Sumbawanews.com,- Wakil Menteri Dalam Negeri Akhmad Wiyagus menegaskan, Pancasila bukan sekadar simbol negara, melainkan jangkar moral yang menopang persatuan bangsa sekaligus menjadi fondasi perdamaian global. Dalam upacara peringatan Hari Lahir Pancasila 2026 di Kantor Kemendagri, Jakarta, Wiyagus membacakan pidato tertulis Kepala BPIP Yudian Wahyudi yang menekankan bahwa nilai-nilai luhur Pancasila telah terbukti mampu menyatukan keberagaman yang begitu kompleks—lebih dari 17.000 pulau, ratusan etnis, dan ribuan bahasa—dalam satu ikatan kebangsaan yang tak tergoyahkan.
“Pancasila adalah bintang penuntun yang tak pernah padam,” ujar Wiyagus. “Ia bukan hanya jawaban atas tantangan internal, tapi juga respons terhadap ketidakstabilan global—mulai dari disrupsi teknologi hingga konflik geopolitik yang kian membelah dunia.”

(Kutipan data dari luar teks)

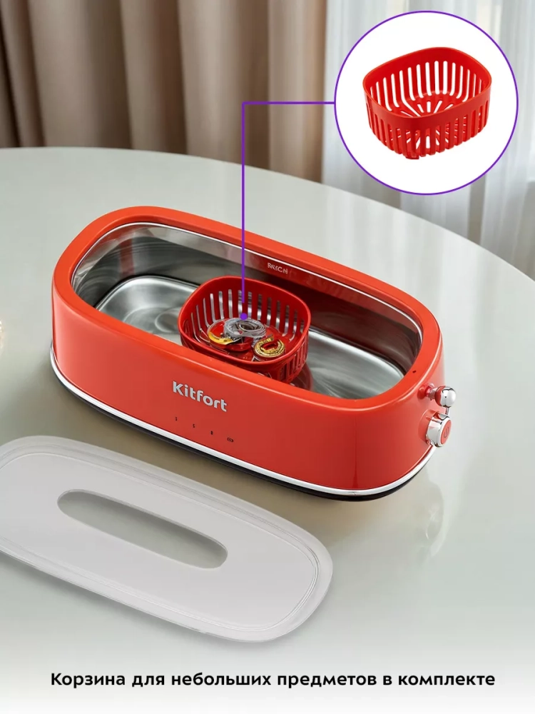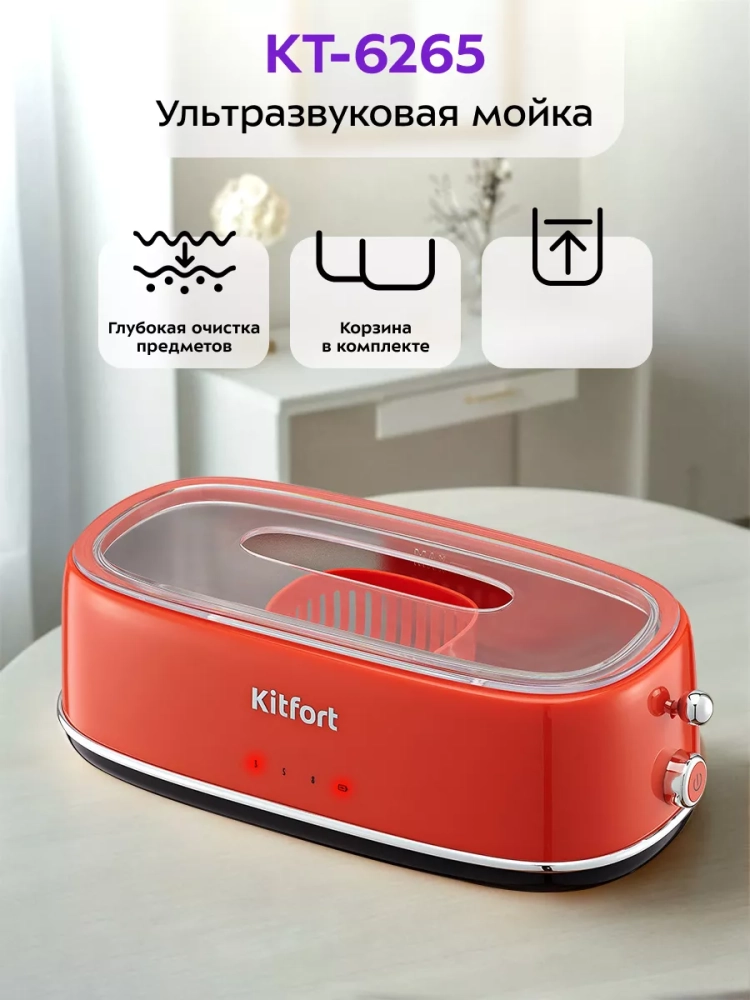 Ультразвуковая мойка Kitfort КТ-6265 поможет эффективно очистить и продезинфицировать небольшие изделия из металла, пластика и стекла. Ультразвуковая очистка — способ очистки поверхности твёрдых тел в жидкости, при котором в жидкость вводятся ультразвуковые колебания. Применение ультразвука обычно значительно ускоряет процесс очистки и повышает его качество. В качестве жидкости в ультразвуковой мойке можно использовать воду, а также чистящие или дезинфицирующие растворы.

Ia menekankan bahwa Indonesia bukan hanya penonton dalam kancah internasional, melainkan aktor aktif yang memperjuangkan ketertiban dunia berdasarkan kemerdekaan, perdamaian abadi, dan keadilan sosial, sebagaimana diamanatkan Pembukaan UUD 1945. Kontribusi nyata Indonesia terlihat dari partisipasi pasukan perdamaian PBB, peran mediasi dalam konflik regional, dan konsistensi menyuarakan keadilan bagi bangsa-bangsa yang tertindas—semua itu, menurutnya, adalah pengejawantahan sila kedua: kemanusiaan yang adil dan beradab.
Wiyagus juga mengingatkan bahwa kemajuan teknologi tanpa landasan moral justru berpotensi merusak tatanan sosial. Oleh karena itu, ia mengajak seluruh elemen bangsa, terutama generasi muda, untuk menjadikan Pancasila sebagai ideologi yang hidup, bukan sekadar hiasan dinding atau teks sejarah yang terlupakan. “Setiap kebijakan publik harus lahir dari keadilan sosial, menjamin hak-hak yang paling rentan, dan menghapus rasa ditinggalkan di kalangan rakyat,” tegasnya.
Ia menyerukan perlawanan tegas terhadap intoleransi dan radikalisme yang menggerogoti harmoni kebangsaan. “Selama darah Indonesia masih mengalir, Pancasila akan tetap hidup dalam setiap denyut nadi anak bangsa,” ucapnya di akhir pidato. “Selamat Hari Lahir Pancasila. Jayalah Indonesia.”